For research purposes, I got a card at the McGill University library. Walking home one evening, I passed a drab century-old row house on Prince Arthur Street, in what’s known as the McGill Ghetto. A red For Rent sign hung in the window. I rang the doorbell, and Henry, a tall, balding man, let me in. (I have changed some names.) The house was divided into cramped student apartments. Henry showed me his: ninety square feet that smelled of bread and cheese, a chandelier occupying the ceiling like a dusty spider. He needed someone to take over the lease. He’d been selling gourmet pizzas to a caterer, using the tiny gas stove in the corner, but gambling had gotten the better of him. He was moving back in with his parents so he could regroup. I said I’d been through times like that, omitting the fact that I was going through one right then. I agreed to take over his apartment. With the rent only $400, I could afford to focus on the novel.

For the next few months, I rarely went out. As I struggled to write, a construction company began gutting the row house next door to create luxury apartments. I sat at the desk I’d bought in a church basement sale, my apartment shaking, dust and stale pizza flour drifting from the ceiling. The workers stripped all the floors, cut the joists out, and knocked down the back wall with sledgehammers.
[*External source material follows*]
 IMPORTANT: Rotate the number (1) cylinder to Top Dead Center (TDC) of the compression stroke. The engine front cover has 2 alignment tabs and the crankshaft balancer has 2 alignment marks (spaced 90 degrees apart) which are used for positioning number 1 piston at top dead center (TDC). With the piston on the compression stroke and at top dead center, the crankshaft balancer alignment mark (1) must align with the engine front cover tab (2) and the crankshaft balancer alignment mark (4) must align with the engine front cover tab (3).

The long summer had ended in brutal cold, and, with the house next door open to the weather, the shared wall frosted over. I cut the fingers off a pair of gloves to type, my breath turning to mist. A few times, I ventured into the alley to watch the demolition. The foreman told me they’d bring in a backhoe to dig out the basement. Without its rear wall, the empty building looked like a dollhouse. I could stare right through it.
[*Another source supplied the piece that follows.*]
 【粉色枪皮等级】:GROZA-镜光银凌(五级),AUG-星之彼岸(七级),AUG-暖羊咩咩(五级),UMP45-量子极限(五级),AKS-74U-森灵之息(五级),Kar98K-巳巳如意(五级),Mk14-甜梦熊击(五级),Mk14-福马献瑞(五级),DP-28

I didn’t go outside often. Instead, I wrote, trying to contain the hunger for living, for real life, that literature stoked in me. I prowled the stairs to the top floor and back, hoping to ease this craving, to find inspiration without straying too far from my computer. During one such prowl, I stopped on a landing. There were three apartments on each floor and one in the basement, but the only people I ever saw were two neighbours, whom I’d passed in the street and taken to be homeless before learning they lived in the building. The woman kept a shopping cart locked to the porch; the old man, who shared a wall with me, howled at night. We’d crossed paths in the hallway, his face the colour of ash, his eyes sunken.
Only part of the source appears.